### Directions for this task:
Copy exactly every line below, from the first through the one that contains "Custom Casual Windbreaker", and skip all pictures.

[Data records]

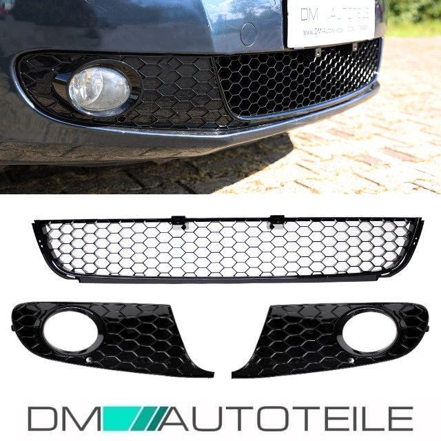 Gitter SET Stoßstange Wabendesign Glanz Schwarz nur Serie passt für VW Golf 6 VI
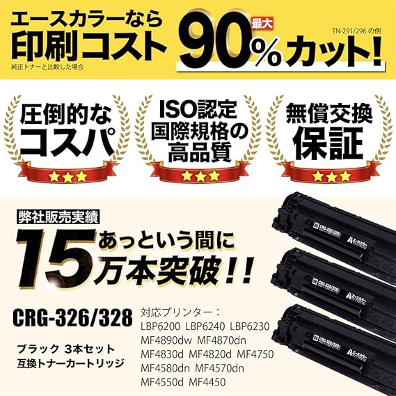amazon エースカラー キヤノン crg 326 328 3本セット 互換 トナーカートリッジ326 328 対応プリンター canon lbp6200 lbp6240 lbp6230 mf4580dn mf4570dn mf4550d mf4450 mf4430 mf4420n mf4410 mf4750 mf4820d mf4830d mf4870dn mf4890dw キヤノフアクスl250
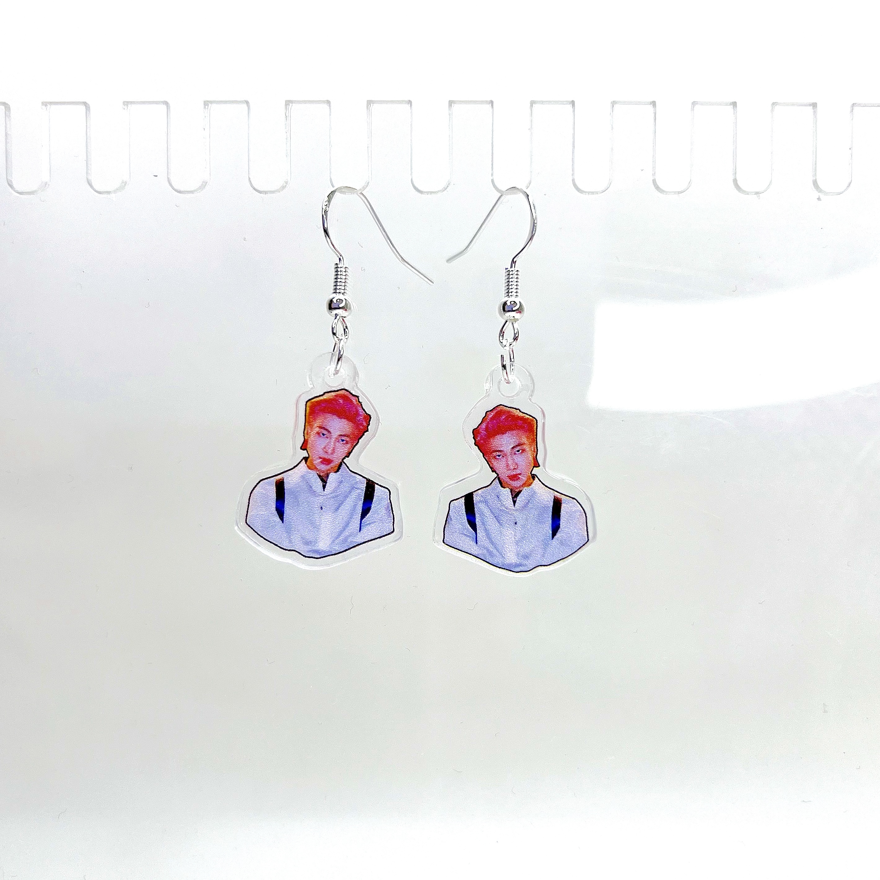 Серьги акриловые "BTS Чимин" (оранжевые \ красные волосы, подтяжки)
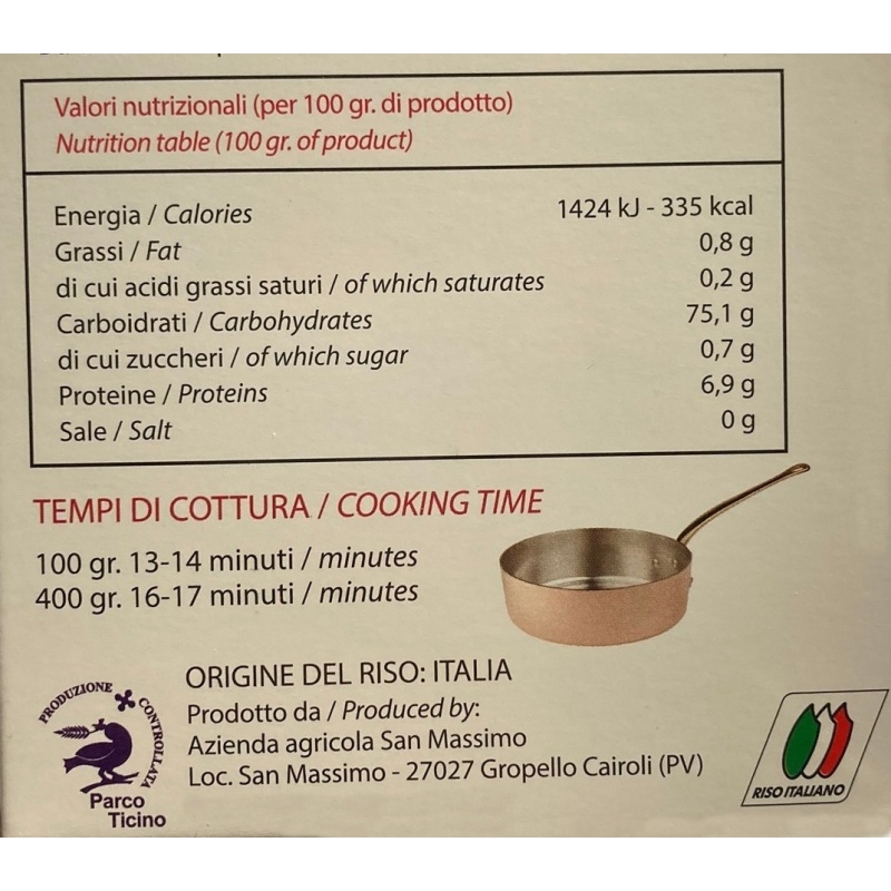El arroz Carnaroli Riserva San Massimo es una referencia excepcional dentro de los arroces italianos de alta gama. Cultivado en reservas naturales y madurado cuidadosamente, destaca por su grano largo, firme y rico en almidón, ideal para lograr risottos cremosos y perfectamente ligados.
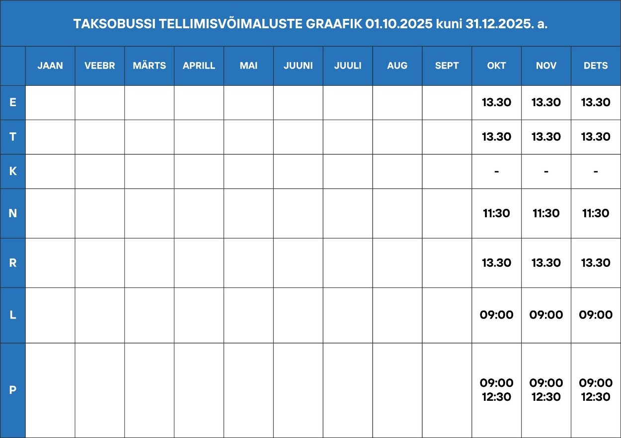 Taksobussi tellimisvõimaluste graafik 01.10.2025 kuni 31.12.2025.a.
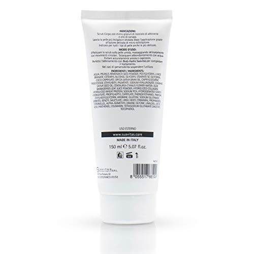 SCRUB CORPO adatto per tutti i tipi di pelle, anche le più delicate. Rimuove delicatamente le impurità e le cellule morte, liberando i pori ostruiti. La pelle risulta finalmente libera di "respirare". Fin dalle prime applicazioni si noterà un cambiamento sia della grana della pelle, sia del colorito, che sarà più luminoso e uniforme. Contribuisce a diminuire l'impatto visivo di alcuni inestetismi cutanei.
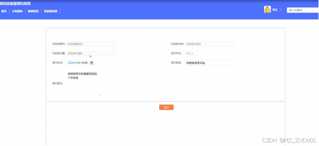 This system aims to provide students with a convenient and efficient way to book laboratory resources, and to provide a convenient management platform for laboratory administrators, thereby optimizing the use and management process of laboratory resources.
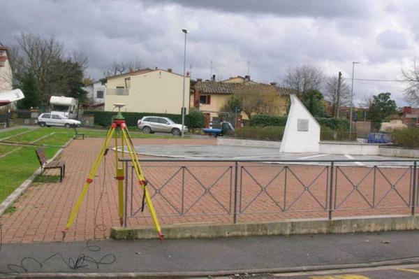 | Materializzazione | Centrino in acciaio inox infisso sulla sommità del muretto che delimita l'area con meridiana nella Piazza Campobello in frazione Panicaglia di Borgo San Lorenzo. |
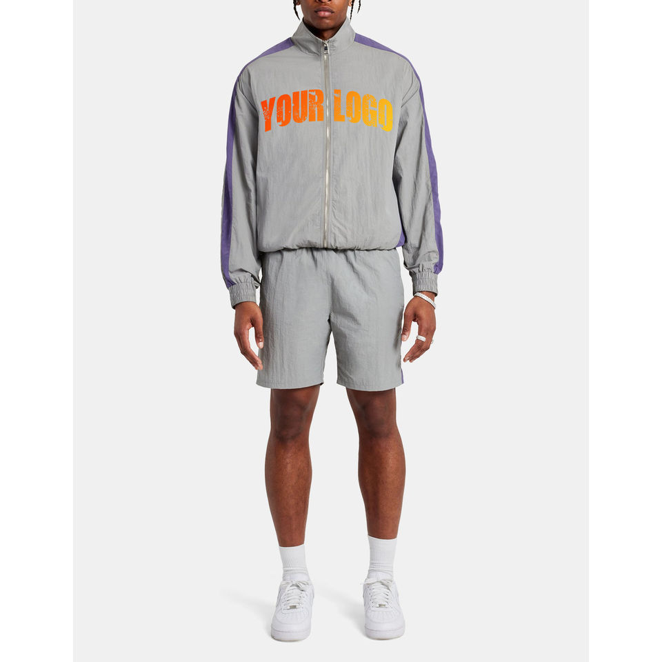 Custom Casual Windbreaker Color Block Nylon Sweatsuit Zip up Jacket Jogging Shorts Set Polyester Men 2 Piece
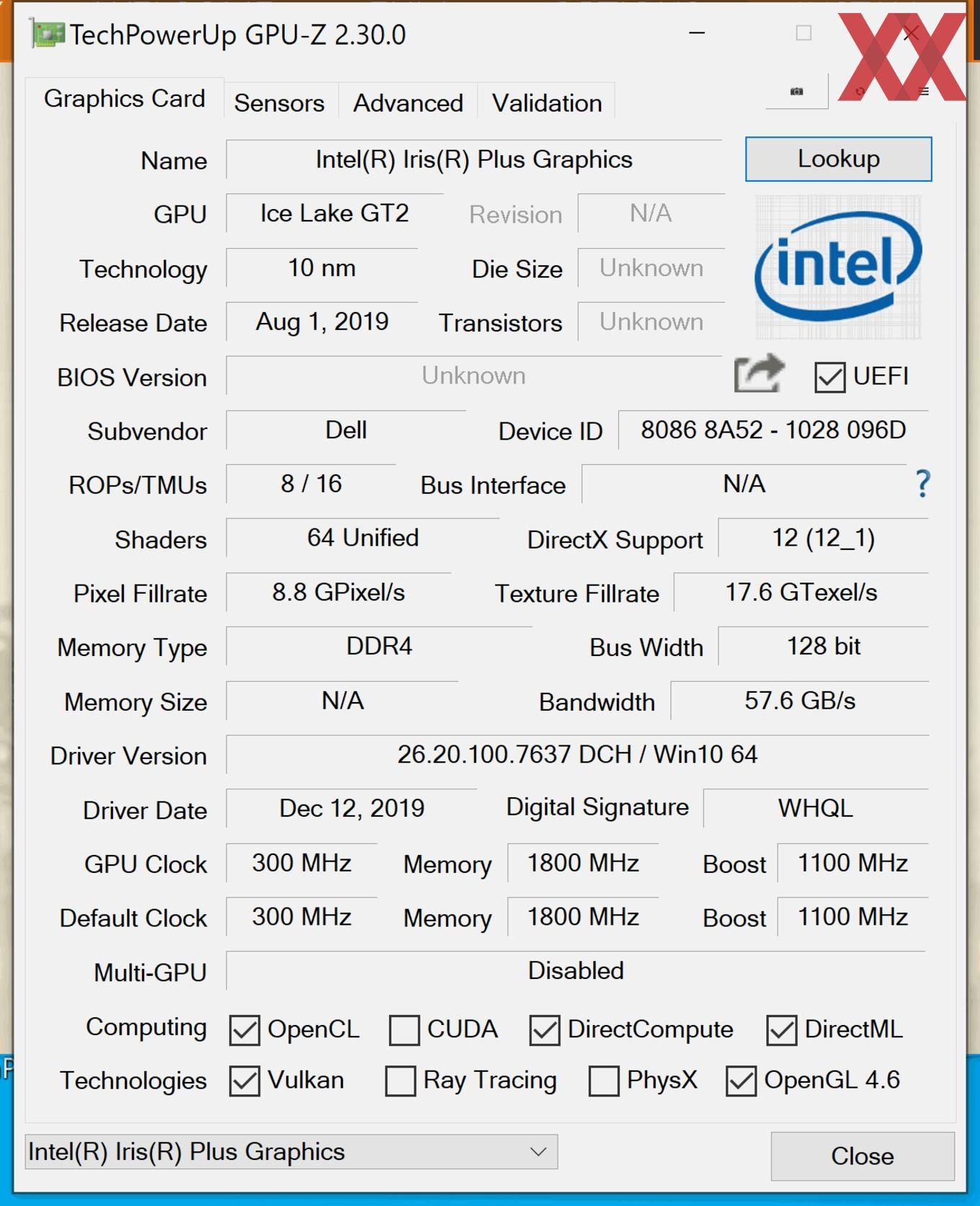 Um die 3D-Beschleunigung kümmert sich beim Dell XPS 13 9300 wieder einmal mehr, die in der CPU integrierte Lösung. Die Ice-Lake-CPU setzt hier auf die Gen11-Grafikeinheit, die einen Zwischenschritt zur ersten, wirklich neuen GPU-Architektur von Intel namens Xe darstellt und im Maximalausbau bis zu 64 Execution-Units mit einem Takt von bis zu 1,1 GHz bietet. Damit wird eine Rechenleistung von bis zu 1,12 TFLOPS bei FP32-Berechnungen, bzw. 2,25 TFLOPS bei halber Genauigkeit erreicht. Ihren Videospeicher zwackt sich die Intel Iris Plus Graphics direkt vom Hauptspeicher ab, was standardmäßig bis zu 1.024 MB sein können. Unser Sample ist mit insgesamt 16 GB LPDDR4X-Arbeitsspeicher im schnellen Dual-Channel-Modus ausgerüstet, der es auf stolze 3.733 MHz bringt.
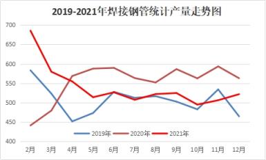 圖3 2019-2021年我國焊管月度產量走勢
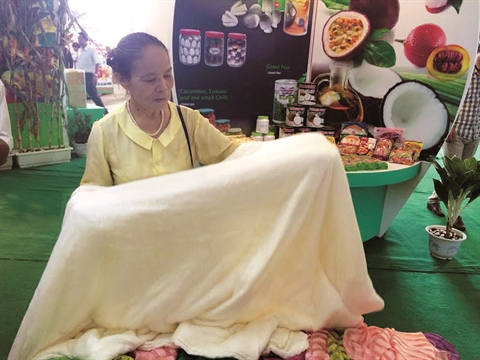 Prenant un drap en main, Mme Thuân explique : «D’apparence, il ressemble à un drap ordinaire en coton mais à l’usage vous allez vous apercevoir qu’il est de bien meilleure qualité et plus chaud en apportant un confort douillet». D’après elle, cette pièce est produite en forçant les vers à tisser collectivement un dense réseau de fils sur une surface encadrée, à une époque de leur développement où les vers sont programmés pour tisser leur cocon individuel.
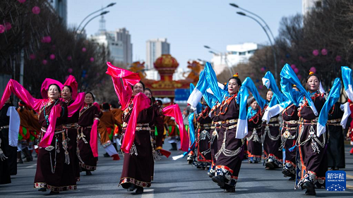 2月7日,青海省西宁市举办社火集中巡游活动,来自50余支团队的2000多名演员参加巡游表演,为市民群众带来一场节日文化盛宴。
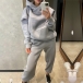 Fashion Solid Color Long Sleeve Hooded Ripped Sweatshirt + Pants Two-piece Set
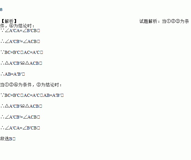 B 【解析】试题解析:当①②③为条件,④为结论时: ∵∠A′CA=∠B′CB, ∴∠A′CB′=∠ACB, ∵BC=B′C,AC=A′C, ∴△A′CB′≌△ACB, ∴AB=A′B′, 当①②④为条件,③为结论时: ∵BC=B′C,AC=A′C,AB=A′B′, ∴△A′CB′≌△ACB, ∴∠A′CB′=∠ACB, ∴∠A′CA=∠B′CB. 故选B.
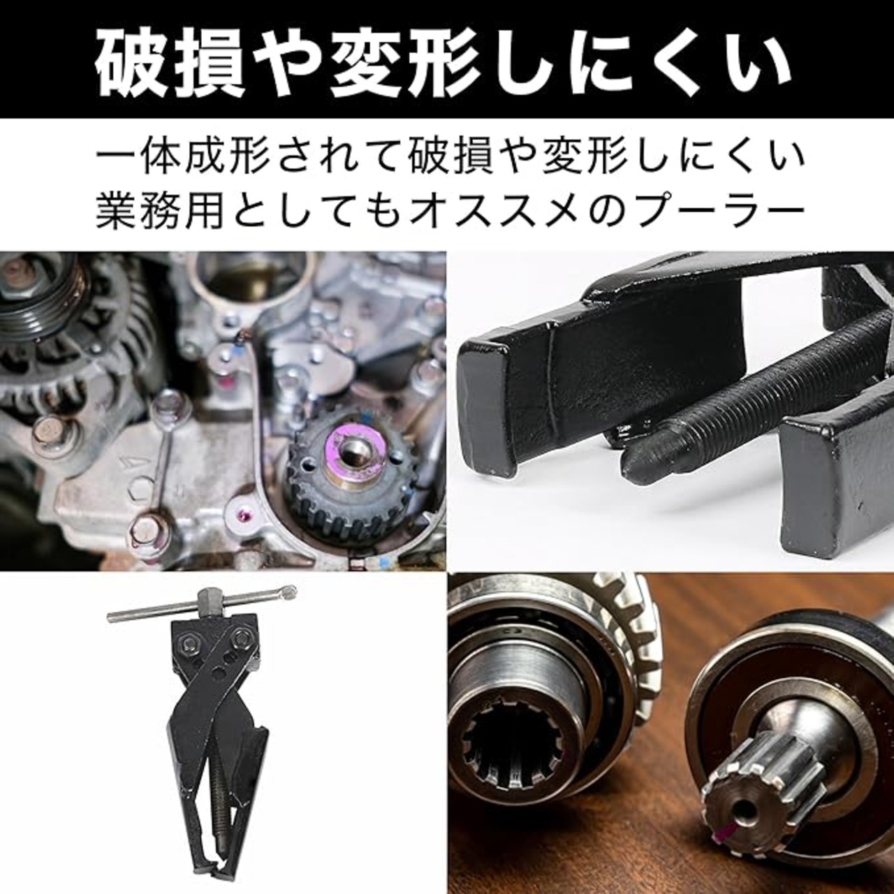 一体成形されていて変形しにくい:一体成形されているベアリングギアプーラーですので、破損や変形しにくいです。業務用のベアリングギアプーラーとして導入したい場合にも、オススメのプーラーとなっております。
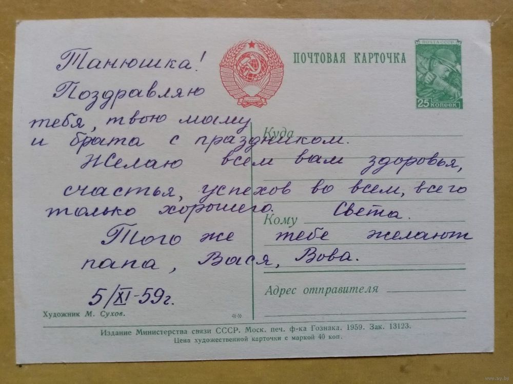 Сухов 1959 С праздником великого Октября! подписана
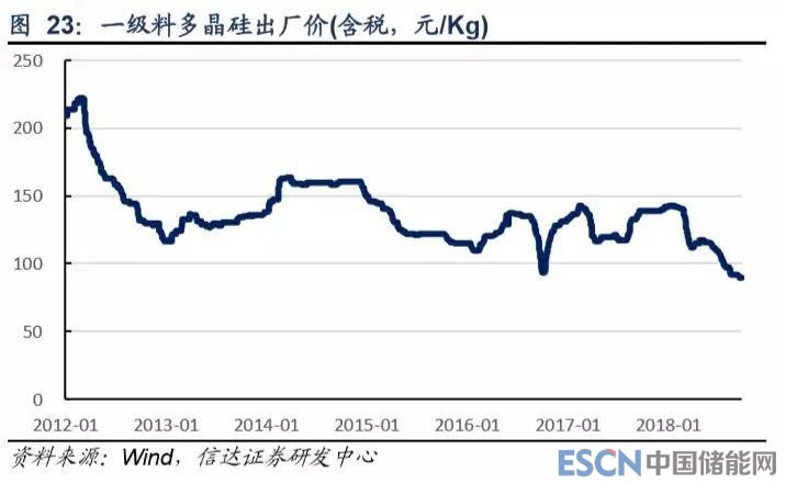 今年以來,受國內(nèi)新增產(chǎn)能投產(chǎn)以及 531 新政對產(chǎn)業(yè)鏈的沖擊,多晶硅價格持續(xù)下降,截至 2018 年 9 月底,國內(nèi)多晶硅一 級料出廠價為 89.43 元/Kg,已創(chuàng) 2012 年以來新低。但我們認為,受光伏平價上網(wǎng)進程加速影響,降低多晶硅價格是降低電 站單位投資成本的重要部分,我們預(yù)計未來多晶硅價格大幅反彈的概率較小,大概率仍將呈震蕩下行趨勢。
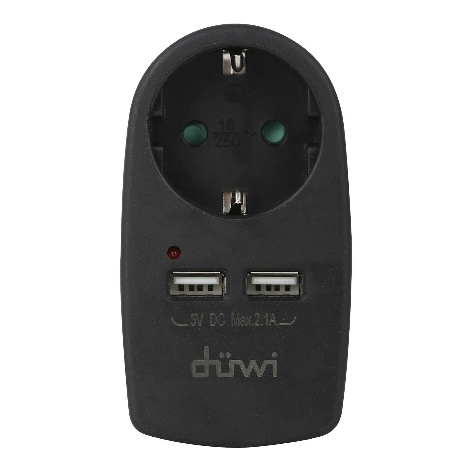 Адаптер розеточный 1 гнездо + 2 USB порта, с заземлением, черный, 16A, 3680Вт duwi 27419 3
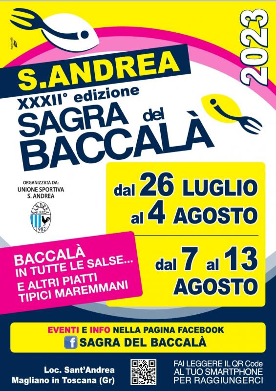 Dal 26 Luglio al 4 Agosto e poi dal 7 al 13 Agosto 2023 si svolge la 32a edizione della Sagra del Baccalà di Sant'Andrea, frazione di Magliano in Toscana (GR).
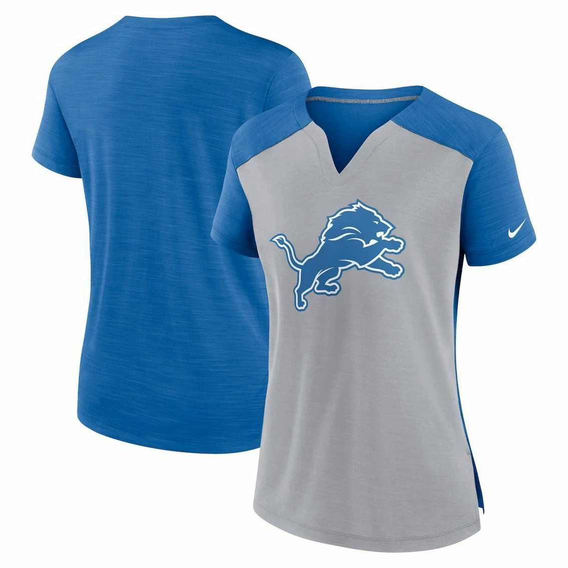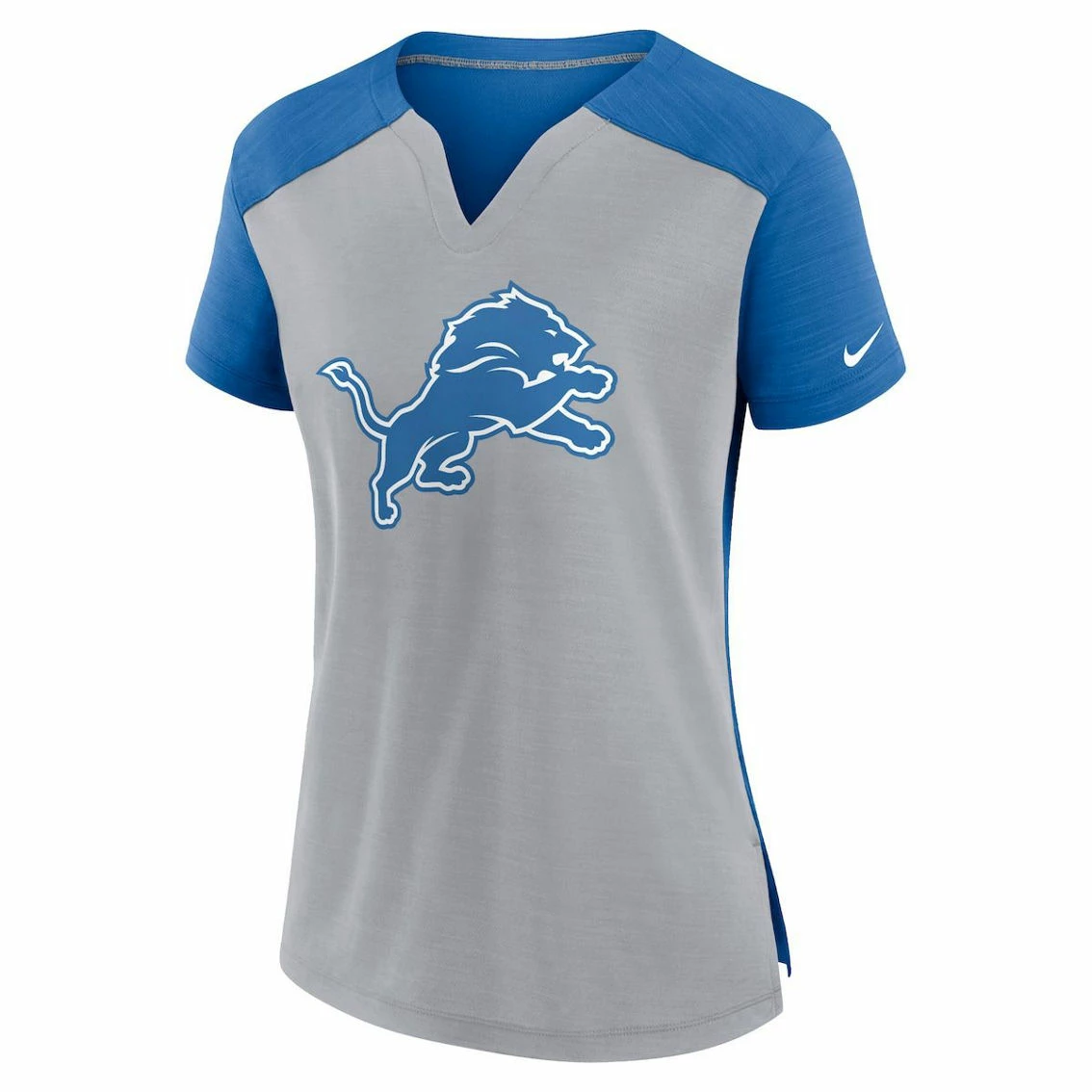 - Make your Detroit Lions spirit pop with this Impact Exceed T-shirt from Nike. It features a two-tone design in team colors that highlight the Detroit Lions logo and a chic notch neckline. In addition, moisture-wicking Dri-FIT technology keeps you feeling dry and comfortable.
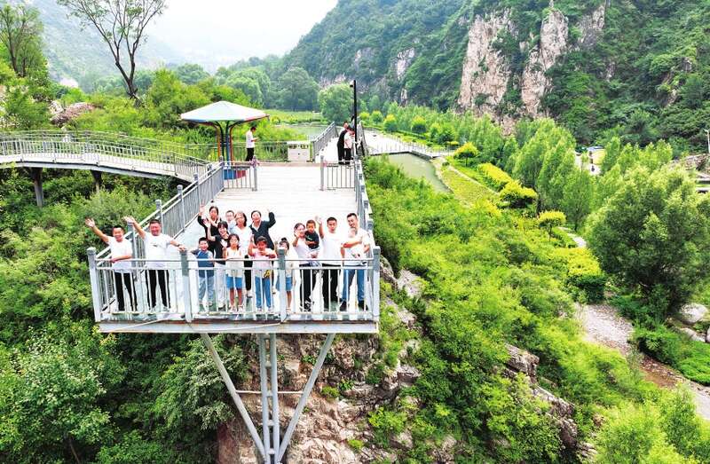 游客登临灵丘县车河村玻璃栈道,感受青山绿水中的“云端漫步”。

### Your solution:
 Gitter SET Stoßstange Wabendesign Glanz Schwarz nur Serie passt für VW Golf 6 VI
amazon エースカラー キヤノン crg 326 328 3本セット 互換 トナーカートリッジ326 328 対応プリンター canon lbp6200 lbp6240 lbp6230 mf4580dn mf4570dn mf4550d mf4450 mf4430 mf4420n mf4410 mf4750 mf4820d mf4830d mf4870dn mf4890dw キヤノフアクスl250
 Серьги акриловые "BTS Чимин" (оранжевые \ красные волосы, подтяжки)
El arroz Carnaroli Riserva San Massimo es una referencia excepcional dentro de los arroces italianos de alta gama. Cultivado en reservas naturales y madurado cuidadosamente, destaca por su grano largo, firme y rico en almidón, ideal para lograr risottos cremosos y perfectamente ligados.
 Taksobussi tellimisvõimaluste graafik 01.10.2025 kuni 31.12.2025.a.
 SCRUB CORPO adatto per tutti i tipi di pelle, anche le più delicate. Rimuove delicatamente le impurità e le cellule morte, liberando i pori ostruiti. La pelle risulta finalmente libera di "respirare". Fin dalle prime applicazioni si noterà un cambiamento sia della grana della pelle, sia del colorito, che sarà più luminoso e uniforme. Contribuisce a diminuire l'impatto visivo di alcuni inestetismi cutanei.
 This system aims to provide students with a convenient and efficient way to book laboratory resources, and to provide a convenient management platform for laboratory administrators, thereby optimizing the use and management process of laboratory resources.
 | Materializzazione | Centrino in acciaio inox infisso sulla sommità del muretto che delimita l'area con meridiana nella Piazza Campobello in frazione Panicaglia di Borgo San Lorenzo. |
 Custom Casual Windbreaker Color Block Nylon Sweatsuit Zip up Jacket Jogging Shorts Set Polyester Men 2 Piece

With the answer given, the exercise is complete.